Exercise aim: Reproduce the entries that follow exactly. No picture should appear in the result.

Dataset:
_____

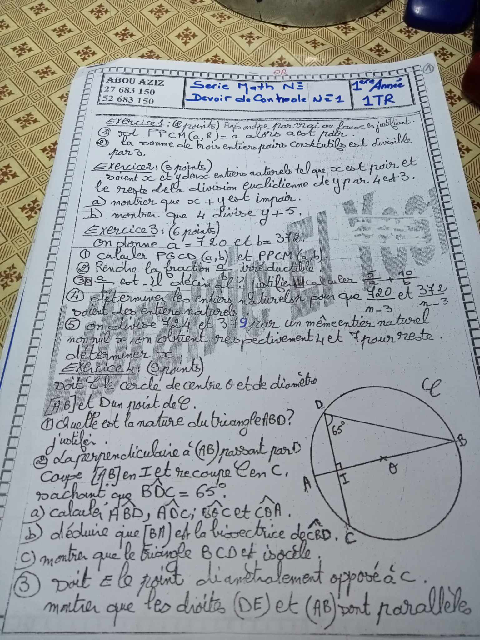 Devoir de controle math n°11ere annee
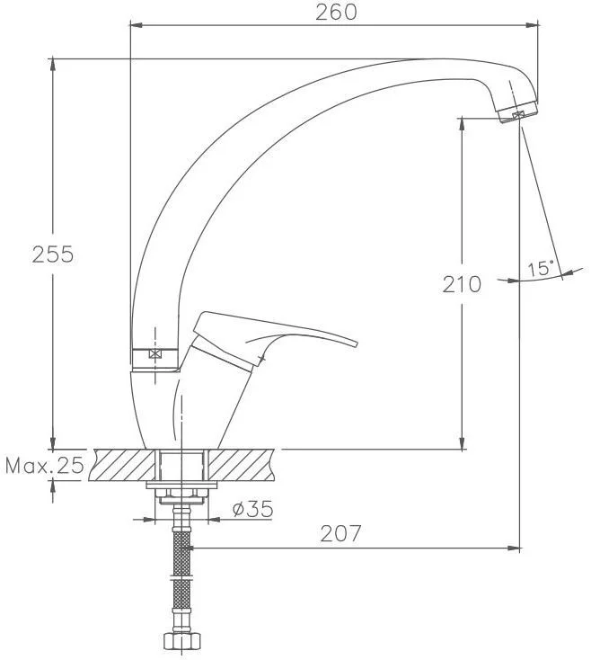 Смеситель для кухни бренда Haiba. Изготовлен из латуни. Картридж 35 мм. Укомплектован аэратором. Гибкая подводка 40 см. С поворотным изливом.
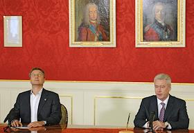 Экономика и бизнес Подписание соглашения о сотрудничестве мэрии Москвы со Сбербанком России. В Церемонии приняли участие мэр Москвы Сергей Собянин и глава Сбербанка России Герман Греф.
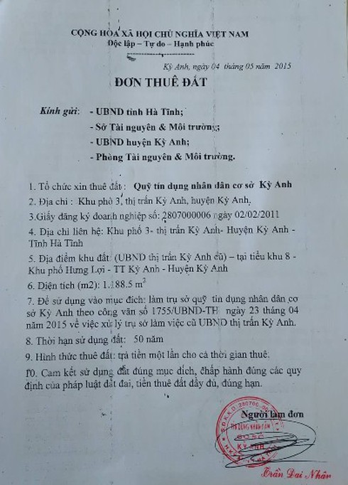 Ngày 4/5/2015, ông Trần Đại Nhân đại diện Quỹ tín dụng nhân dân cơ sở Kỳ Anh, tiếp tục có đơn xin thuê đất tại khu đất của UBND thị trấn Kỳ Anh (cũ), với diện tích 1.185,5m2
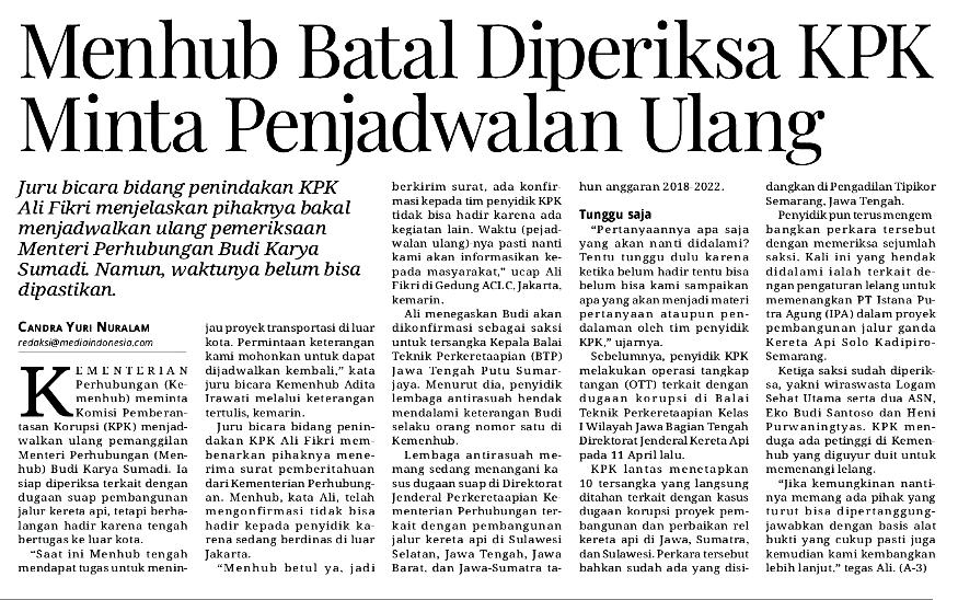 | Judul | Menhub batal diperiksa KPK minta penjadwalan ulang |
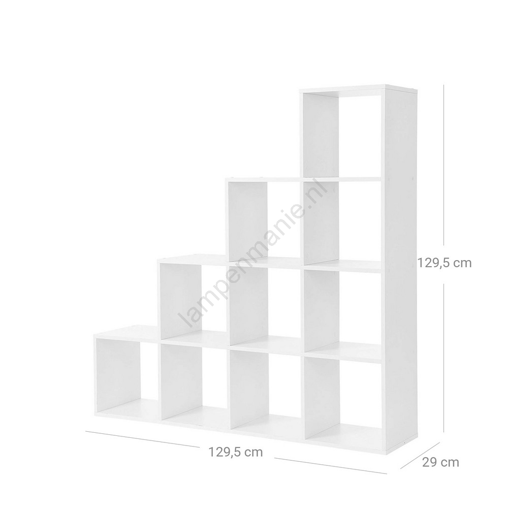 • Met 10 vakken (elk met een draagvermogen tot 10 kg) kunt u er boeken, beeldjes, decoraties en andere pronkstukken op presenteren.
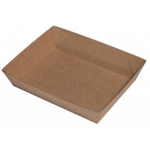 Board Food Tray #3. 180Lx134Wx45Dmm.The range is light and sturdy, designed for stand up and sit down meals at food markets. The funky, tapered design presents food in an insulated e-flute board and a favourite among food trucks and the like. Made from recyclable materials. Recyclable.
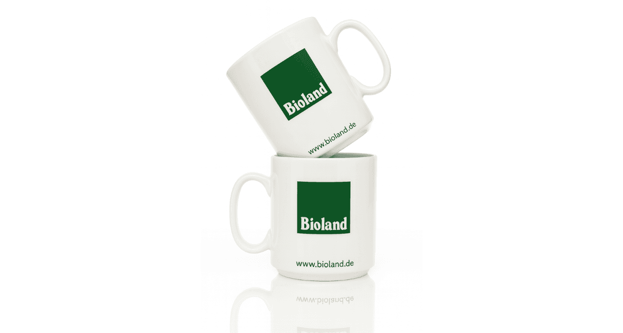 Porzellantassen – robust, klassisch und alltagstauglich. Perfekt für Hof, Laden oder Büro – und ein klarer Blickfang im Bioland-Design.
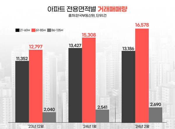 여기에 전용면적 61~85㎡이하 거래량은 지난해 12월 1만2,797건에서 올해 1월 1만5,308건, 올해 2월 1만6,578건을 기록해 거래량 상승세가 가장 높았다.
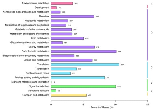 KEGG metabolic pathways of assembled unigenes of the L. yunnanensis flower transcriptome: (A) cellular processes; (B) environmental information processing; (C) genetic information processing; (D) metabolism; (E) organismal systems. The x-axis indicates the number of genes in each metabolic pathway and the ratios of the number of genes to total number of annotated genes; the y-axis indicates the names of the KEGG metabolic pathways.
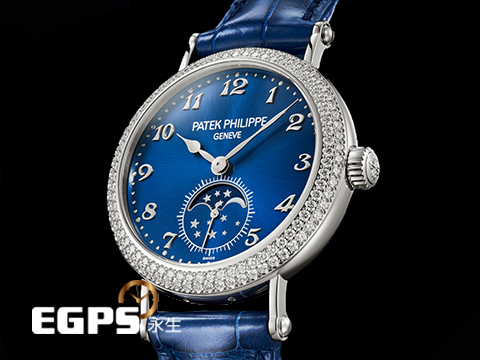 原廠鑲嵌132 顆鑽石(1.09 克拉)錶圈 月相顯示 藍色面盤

_____

Solved problem:
 Devoir de controle math n°11ere annee
 Смеситель для кухни бренда Haiba. Изготовлен из латуни. Картридж 35 мм. Укомплектован аэратором. Гибкая подводка 40 см. С поворотным изливом.
 Экономика и бизнес Подписание соглашения о сотрудничестве мэрии Москвы со Сбербанком России. В Церемонии приняли участие мэр Москвы Сергей Собянин и глава Сбербанка России Герман Греф.
 Ngày 4/5/2015, ông Trần Đại Nhân đại diện Quỹ tín dụng nhân dân cơ sở Kỳ Anh, tiếp tục có đơn xin thuê đất tại khu đất của UBND thị trấn Kỳ Anh (cũ), với diện tích 1.185,5m2
 | Judul | Menhub batal diperiksa KPK minta penjadwalan ulang |
 • Met 10 vakken (elk met een draagvermogen tot 10 kg) kunt u er boeken, beeldjes, decoraties en andere pronkstukken op presenteren.
 Board Food Tray #3. 180Lx134Wx45Dmm.The range is light and sturdy, designed for stand up and sit down meals at food markets. The funky, tapered design presents food in an insulated e-flute board and a favourite among food trucks and the like. Made from recyclable materials. Recyclable.
 Porzellantassen – robust, klassisch und alltagstauglich. Perfekt für Hof, Laden oder Büro – und ein klarer Blickfang im Bioland-Design.
 여기에 전용면적 61~85㎡이하 거래량은 지난해 12월 1만2,797건에서 올해 1월 1만5,308건, 올해 2월 1만6,578건을 기록해 거래량 상승세가 가장 높았다.
 KEGG metabolic pathways of assembled unigenes of the L. yunnanensis flower transcriptome: (A) cellular processes; (B) environmental information processing; (C) genetic information processing; (D) metabolism; (E) organismal systems. The x-axis indicates the number of genes in each metabolic pathway and the ratios of the number of genes to total number of annotated genes; the y-axis indicates the names of the KEGG metabolic pathways.
 原廠鑲嵌132 顆鑽石(1.09 克拉)錶圈 月相顯示 藍色面盤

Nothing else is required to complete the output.